→ **Brief**
An exact copy of the entries is needed, with every picture left out.
BEGIN Material for this exercise
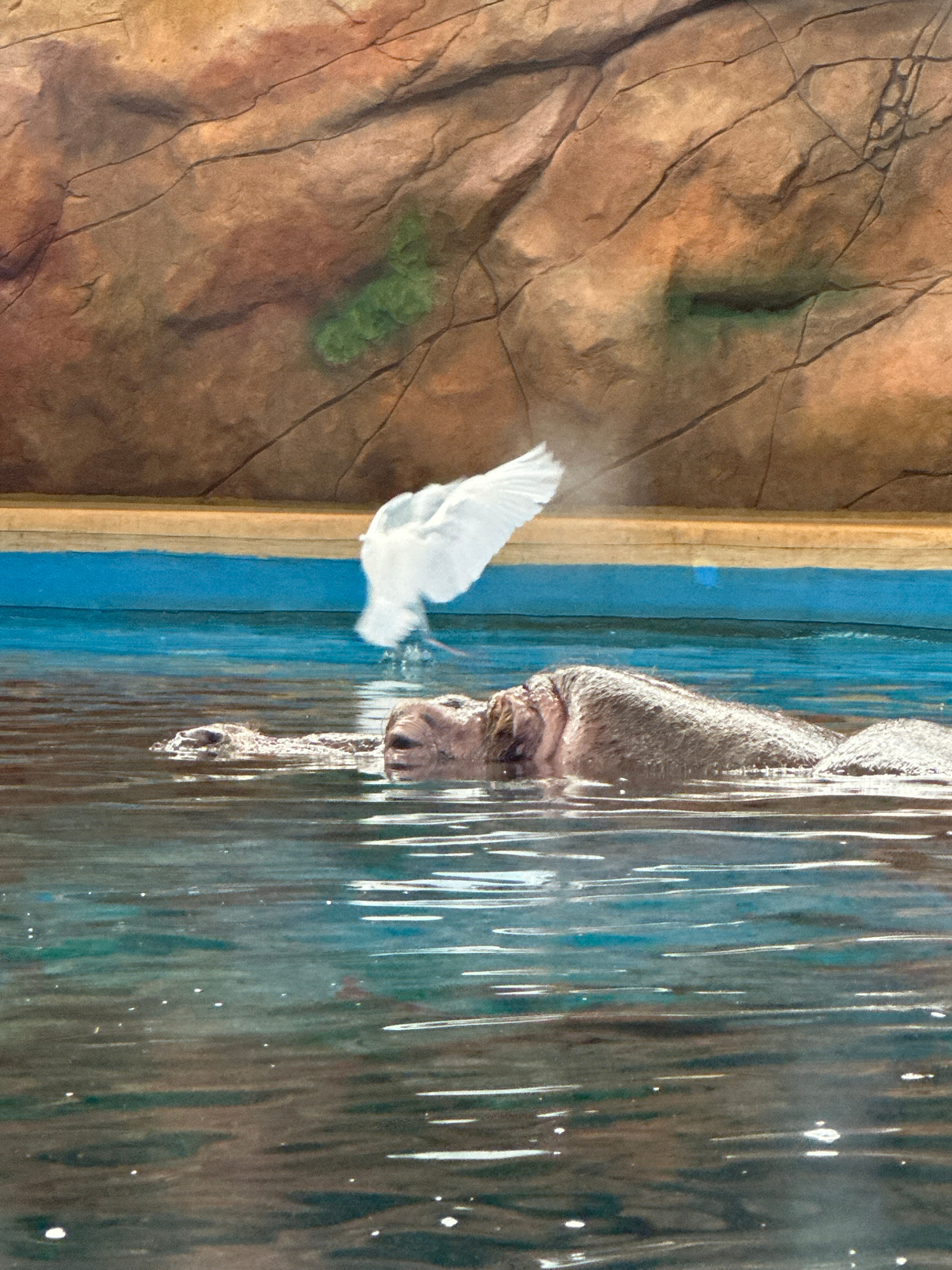 A hippopotamus is partially submerged in a pool of water in front of a painted backdrop with a wall that resembles rocks and a splash of green. A white bird with outstretched wings appears to be flyin…read more
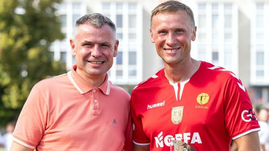 Rezultatyviausias turnyro žaidėjas Vilius Lapeikis (dešinėje) ir Šiaulių apskrities futbolo federacijos prezidentas Gintautas Mirauskas / Evaldo Černiausko / ŠAFF nuotr.
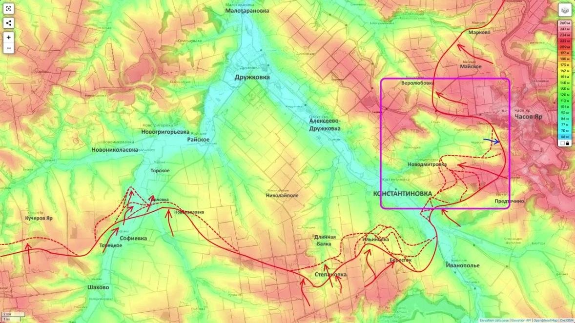 На Константиновском направлении ставка сделана на разрушение логистики. Удары по двум дамбам критически усложнили снабжение ВСУ. Воспользовавшись этим, российские части заняли ключевые лесополосы между Ильиновкой и Долгой Балкой.
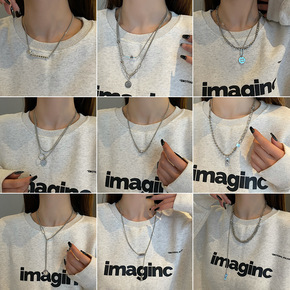 欧美外贸饰品男士项链钛钢吊坠不锈钢韩版长项链女生毛...
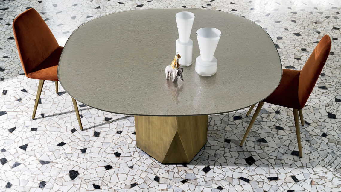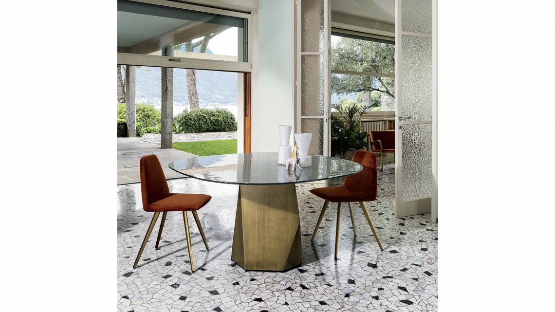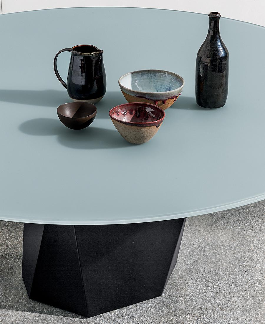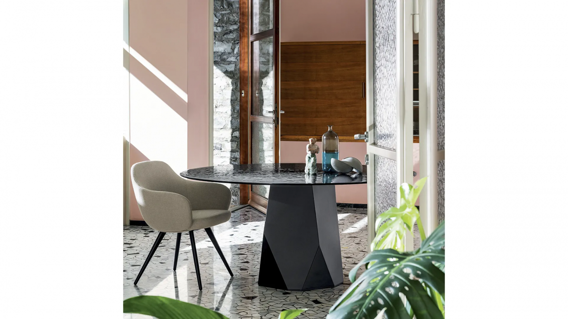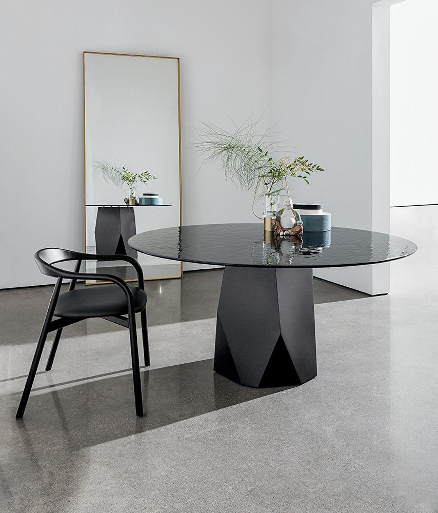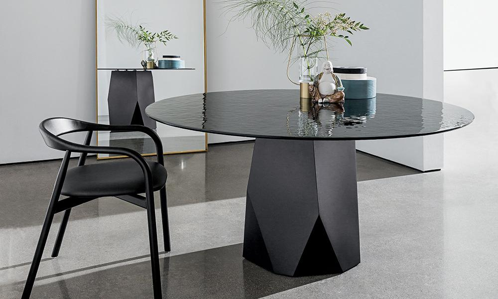 Un nuovo tavolo dove forme e materiali vengono esaltati in un naturale equilibrio di geometrie grazie all’iconica base ispirata alle caratteristiche linee scolpite delle Dolomiti.
END Material for this exercise
→ **Task response**
 A hippopotamus is partially submerged in a pool of water in front of a painted backdrop with a wall that resembles rocks and a splash of green. A white bird with outstretched wings appears to be flyin…read more
 Rezultatyviausias turnyro žaidėjas Vilius Lapeikis (dešinėje) ir Šiaulių apskrities futbolo federacijos prezidentas Gintautas Mirauskas / Evaldo Černiausko / ŠAFF nuotr.
 На Константиновском направлении ставка сделана на разрушение логистики. Удары по двум дамбам критически усложнили снабжение ВСУ. Воспользовавшись этим, российские части заняли ключевые лесополосы между Ильиновкой и Долгой Балкой.
 欧美外贸饰品男士项链钛钢吊坠不锈钢韩版长项链女生毛...
 Un nuovo tavolo dove forme e materiali vengono esaltati in un naturale equilibrio di geometrie grazie all’iconica base ispirata alle caratteristiche linee scolpite delle Dolomiti.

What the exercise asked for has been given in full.